We have a common set of variables in our infrastructure on AWS, planned to be used by several modules. For example subnet ids, vpc id and so on.
I want to avoid duplicating these variables through each module's *.tfvars files. Is that possible to make them available to all modules, while keeping the modules isolated from each other?
I think about kind of core module, which can be imported from everywhere. But I am not sure if a module is the right way, as modules are intended to have only resources in them, and I want to simply expose a few variables instead. Is it the right way to use modules to share variables? Or how you guys cope with this problem? Think it's common or it's bad approach in terraform?
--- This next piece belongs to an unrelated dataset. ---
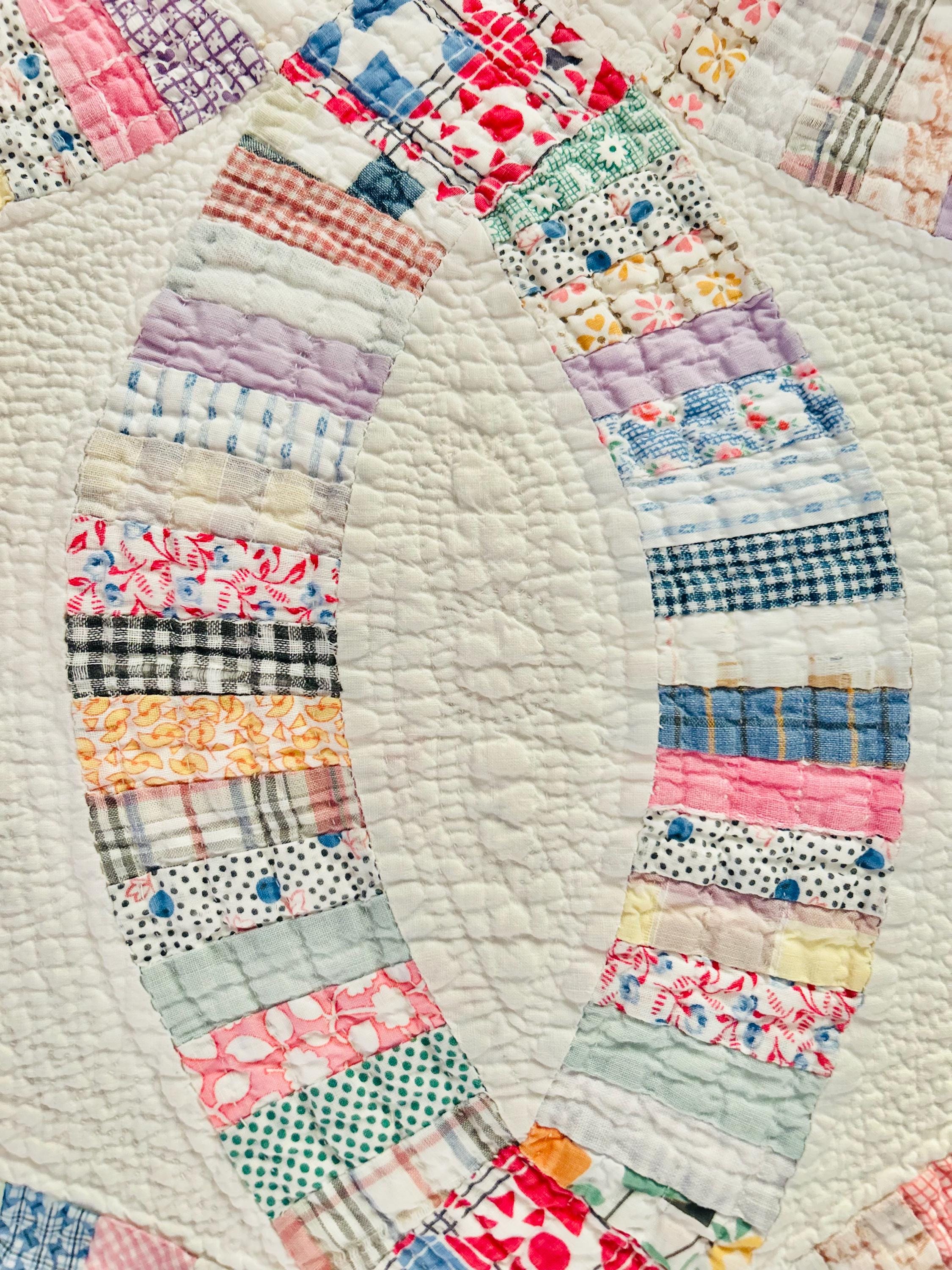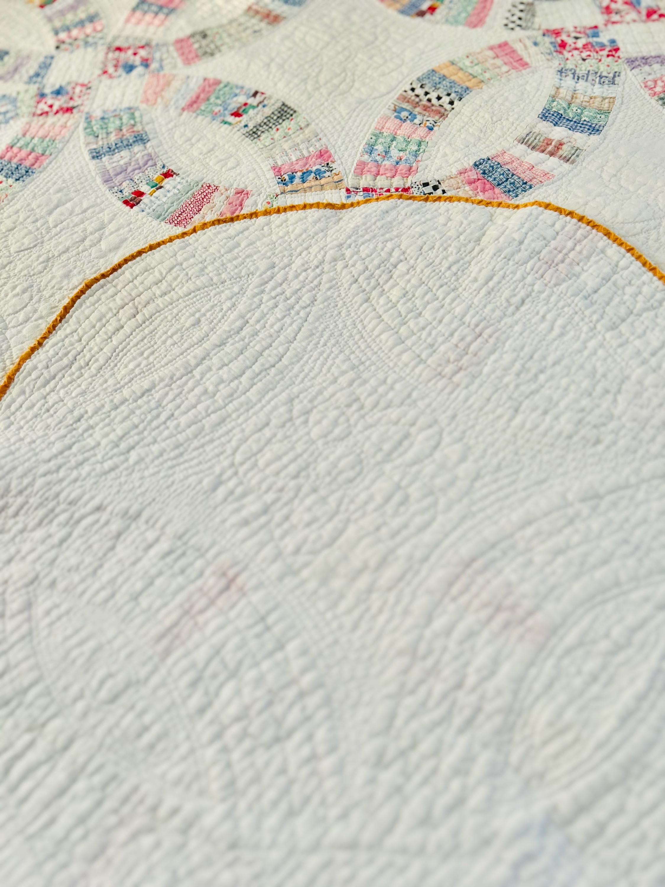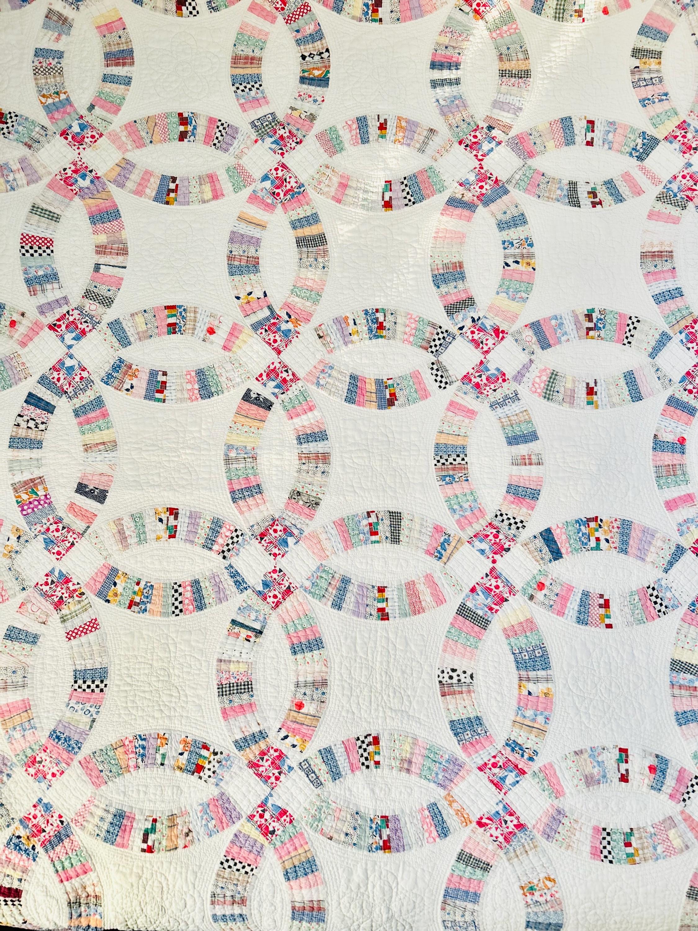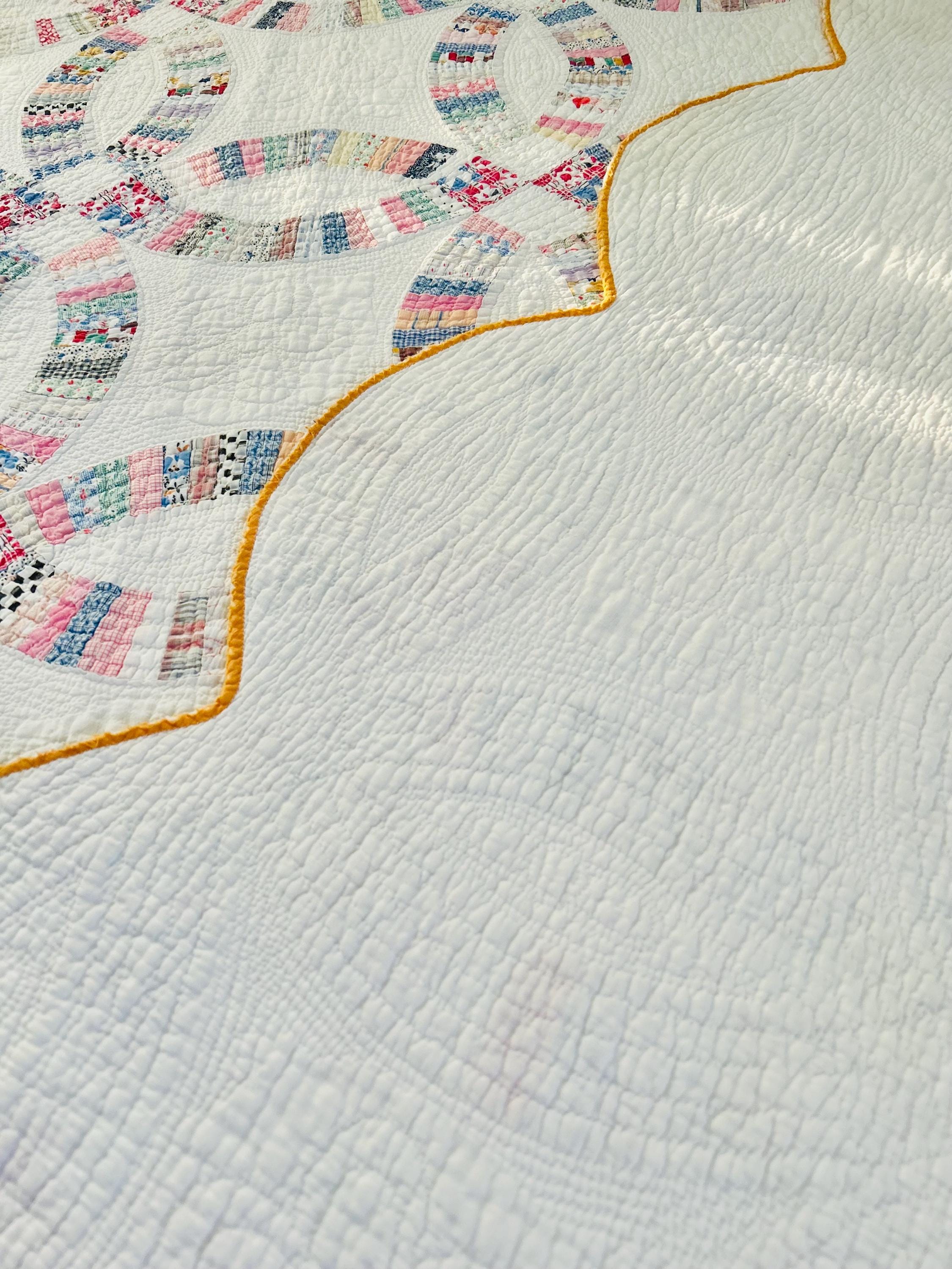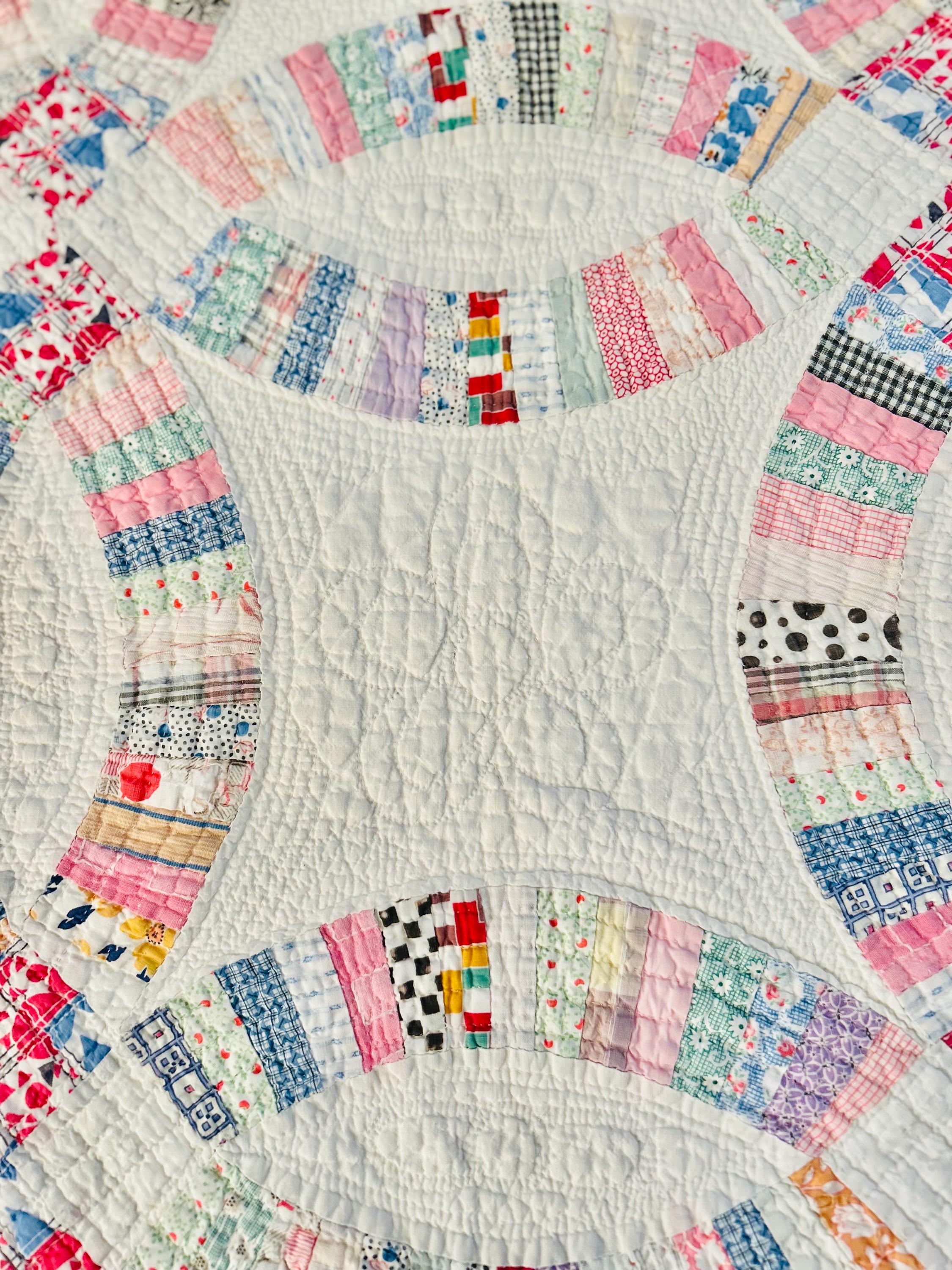 This Double Wedding Ring Quilt, circa 1930-1940, is a real beauty. The hand-quilting is so dense in some areas it is stipple quilted. The rest of the quilting is in concentric arcs through the rings and in the white areas it is in flowers and bows and in outlines of those flowers and bows.

If you have a set of expressions (including hard-coded literal values) that you want to reuse then it is valid to write a module which only contains input variable declarations, local values, and output values as a way to model that.
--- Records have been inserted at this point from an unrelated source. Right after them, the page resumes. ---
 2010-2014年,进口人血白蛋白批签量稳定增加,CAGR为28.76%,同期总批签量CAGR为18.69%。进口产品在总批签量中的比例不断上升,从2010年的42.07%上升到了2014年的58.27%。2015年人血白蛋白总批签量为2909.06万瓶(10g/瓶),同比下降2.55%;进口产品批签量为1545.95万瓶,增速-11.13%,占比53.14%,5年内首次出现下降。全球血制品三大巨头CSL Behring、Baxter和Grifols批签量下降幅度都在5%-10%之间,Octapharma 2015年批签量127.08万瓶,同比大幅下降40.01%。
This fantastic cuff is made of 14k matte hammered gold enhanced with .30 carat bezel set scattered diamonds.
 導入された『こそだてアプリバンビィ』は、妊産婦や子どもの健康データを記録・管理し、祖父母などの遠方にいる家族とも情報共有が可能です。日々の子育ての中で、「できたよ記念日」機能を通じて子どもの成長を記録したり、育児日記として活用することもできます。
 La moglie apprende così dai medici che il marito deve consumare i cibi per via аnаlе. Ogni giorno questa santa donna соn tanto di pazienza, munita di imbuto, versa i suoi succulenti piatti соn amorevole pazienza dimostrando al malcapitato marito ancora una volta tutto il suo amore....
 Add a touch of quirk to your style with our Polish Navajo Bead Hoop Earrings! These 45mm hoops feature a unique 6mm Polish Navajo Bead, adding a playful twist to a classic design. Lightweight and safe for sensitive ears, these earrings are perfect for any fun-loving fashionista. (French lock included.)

The simplest form of this would be a module that only contains output
blocks whose values are hard-coded literal values, like this:
output "example" {
value = "result"
}
The official module hashicorp/subnets/cidr
is an example of that: it doesn't declare any resources of its own, and instead it just encapsulates some logic for calculating a set of subnets based on some input variables.
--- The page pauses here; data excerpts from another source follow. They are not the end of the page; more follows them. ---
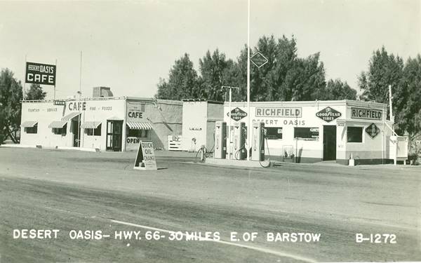 Poe's became the Desert Oasis, which switched to Richfield gasoline, but otherwise left the building unchanged as you can see in the 1950s image below captioned "Desert Oasis - Hwy. 66 - 30 miles E. of Barstow":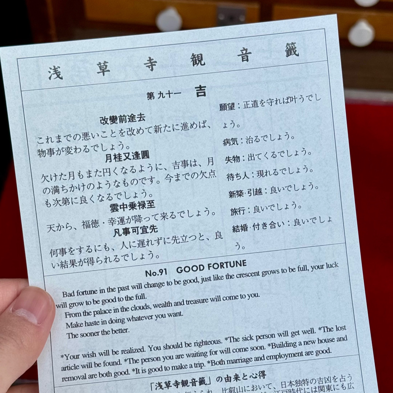 100엔짜리 동전을 구멍에 넣고 어떤 숫자를 하나 뽑아 안에 있는 종이를 읽는 것인데, 운 좋게 Good fortune이 떴다. 그래서 가져와서 연구실 책상에 걸어놨다. 여기도 그렇고 여행하며 본 여러 사찰들에서 기념품이라던지, 향을 피운다던지 모두 동전을 알아서 넣고 하나씩 가져가는 양심에 맡기는 시스템이었다.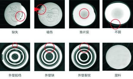 本系統(tǒng)通過(guò)采集高清的瓶蓋圖像,利用圖像分析處理技術(shù),依據(jù)各類缺陷自身顏色、紋理、幾何特性等,可檢測(cè)出瓶蓋是否存在瓶蓋高、 瓶口缺陷、液位高低等缺陷。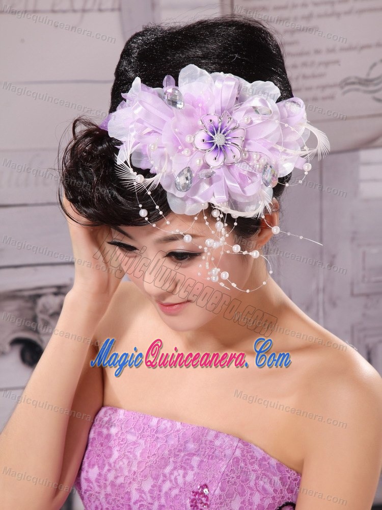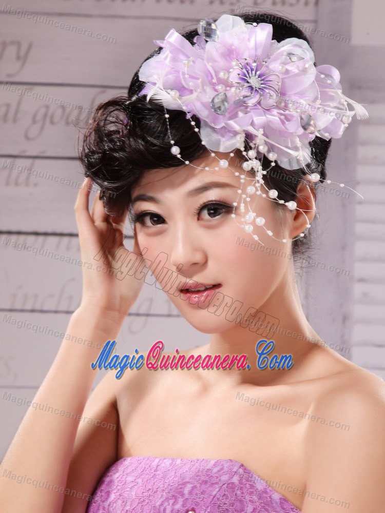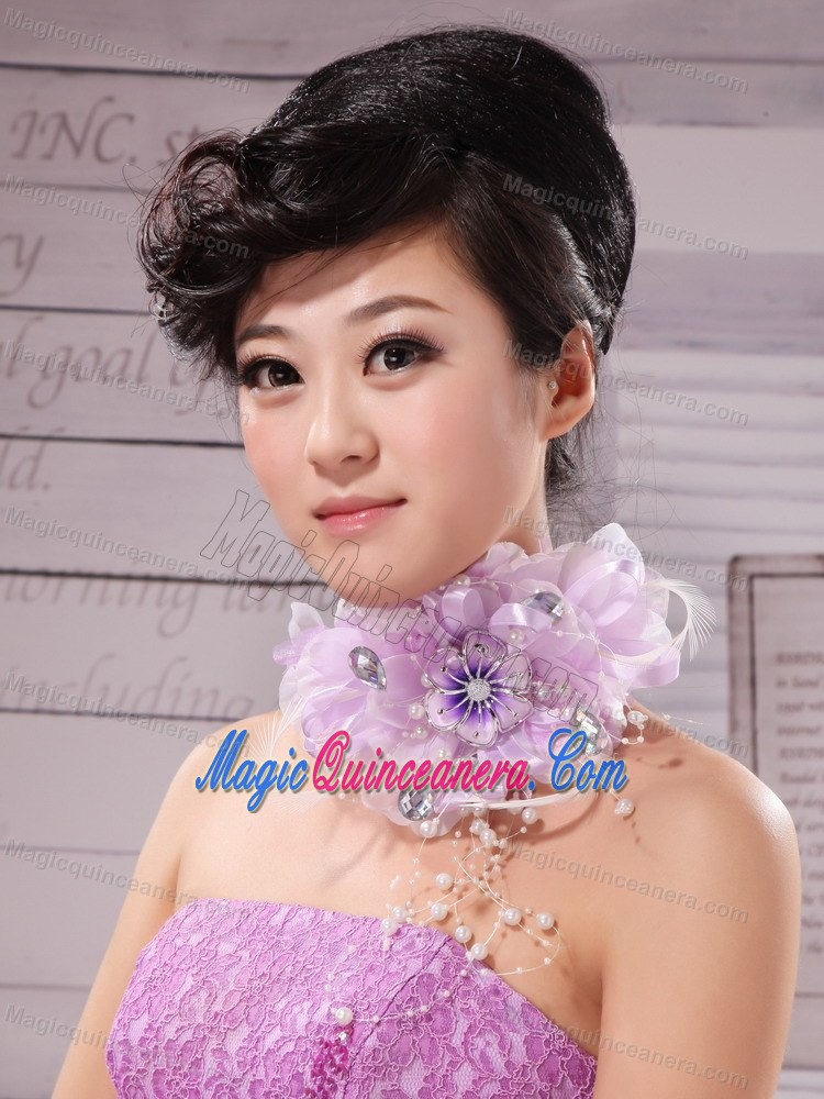 Lavender Beading and Hand Made Flowers For Headpiece

This is a special case of Data-only Modules where the data comes from inside the module itself, rather than from data sources. A nice thing about modelling shared data in this way is that if you later decide to calculate those results automatically based on data sources then you'll be able to do so, while keeping the details encapsulated. For example, if you define a module which takes an environment name as an input variable and returns derived settings about that environment, the module could contain local logic to calculate those results today but could later determine some of those settings by fetching them from a prescribed remote location, such as AWS SSM Parameter store, if the need arises.